Yes, terrorists are degenerate humanity. They kill indiscriminately without regard for the victims, without even knowing the victims. They are damaged, but damaged from innumerable causes: from socio-pathology to homophobia, from schizophrenia to indoctrination, from childhood abuse to fanaticism. To conflate them all with the adolescent insult “losers” shows no attempt to seriously understand their pathology, to understand the soils of their souls.

Or consider this response to Manchester:

“All acts of terrorism are cowardly attacks on innocent people, but this attack stands out for its appalling, sickening cowardice, deliberately targeting innocent, defenceless children and young people who should have been enjoying one of the most memorable nights of their lives.”

These were British Prime Minister Teresa May’s words the morning following the carnage. It was the action, not the actors she vilified.  Rather than name-calling the Prime Minister pointed to the extreme cowardice of targeting “children and young people.” Even when ISIS claimed responsibility, as if it were a political act, the words of Teresa May indicted the bomber for targeting the “defenceless,” spotlighting the barbarity of the act.

This is not so fine a point or a bow toward “cultural correctness.” It is a view of a fallen world trying to redeem itself.  In another parable Jesus describes how weeds might grow among the seeds deliberately planted.  The servants of the farmer ask if they should pull up the weeds, but the farmer replies,

No . . . because while you are pulling the weeds, you might root up the wheat with them. Let both grow together till the harvest.
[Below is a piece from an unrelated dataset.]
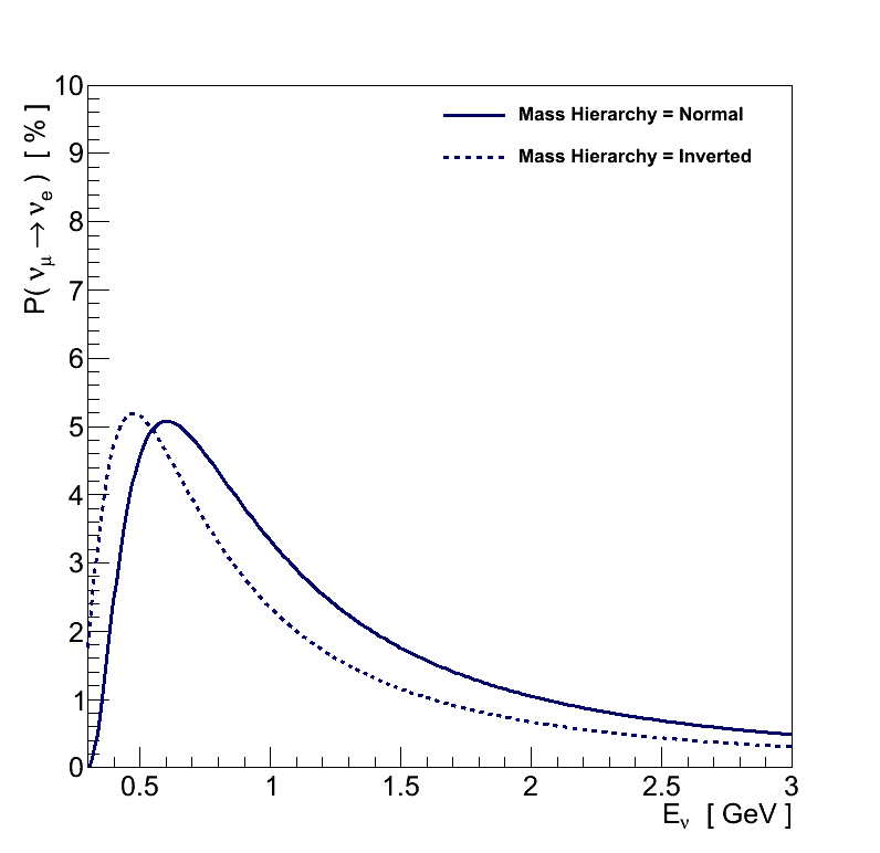 The mass splittings on the other hand affect the energy at which these oscillation features occur (Figure 2.3). The value of Δm232 can be measured from the Eν of the minimum in the νμ spectrum, and the choice of normal or inverted mass hierarchy results in a shift in the Eν of the peak in the νe spectrum.

At that time I will tell the harvesters: First collect the weeds and tie them into bundles to be burned; then gather the wheat and bring it into my barn.    (Matt 4:29-30)

Whatever else this parable means, it shows how difficult it is to separate the wheat from the weeds until the final reckoning. They grow side by side, perhaps even indistinguishable at times. Why else does the farmer worry the wrong plant will be pulled if they are pulled prematurely?  They are each becoming something, and “Now I know in part; then I shall know fully, even as I am fully known.” (I Corinth 13:12).  The weeds and the wheat will finally be known, not now, but then.

If naming is judging, then Jesus is urging us to  withhold naming. The battle for hearts and minds will not be won by name-calling, but by considering what embittered people are becoming.  Uncounted Moslems pivot between sympathy and outrage for acts of terrorism, because they are becoming something: outraged world citizens or persecuted martyrs.   They keep their moral compass, even as it drifts from true north. They are listening to the victims and defenders of terror.They might descend into vengefulness, but they have not reached depravity.

President Trump does not lack the resolve to defeat terror. He lacks the focus and rhetorical sense to address the outrage more than the perpetrator. He assumes the role of tough guy, thumping his chest during international crises, instead of the prosecutor of justice.  He still favors the punishing language of “radical Islamic terrorism,” manufacturing enemies instead of courting friends.  He resorts to common put-downs like “evil losers,” instead of taking the moral high ground.

But each act of terror has its own motive and lineage. ISIS would have us believe every act has political meaning, but peeling back the layers shows what each terrorist is becoming.  Some are sociopaths, some are martyrs, some have perverted notions of justice, some are duped children.  What they did testifies to who they are, not to who they may become.

Prime Minister May’s words rose to that challenge of naming the outrage, its emptiness, its lack of political voice.  President Trump’s adolescent name-calling did not.  Instead of addressing a world tribunal, he  presided in a comic book universe. In that universe, the “Great Satan” still struggles against Allah. We charge out onto the field to pull weeds, heedless of the wheat we trample under foot.  Our hasty judgment may also determine who we are becoming. We are the Pharisees accusing Jesus of being soft on the law; we are the grumbling workers in the vineyard feeling cheated by Jesus’ generosity; we are Peter standing in the way of Jesus, whose eyes are on the cross.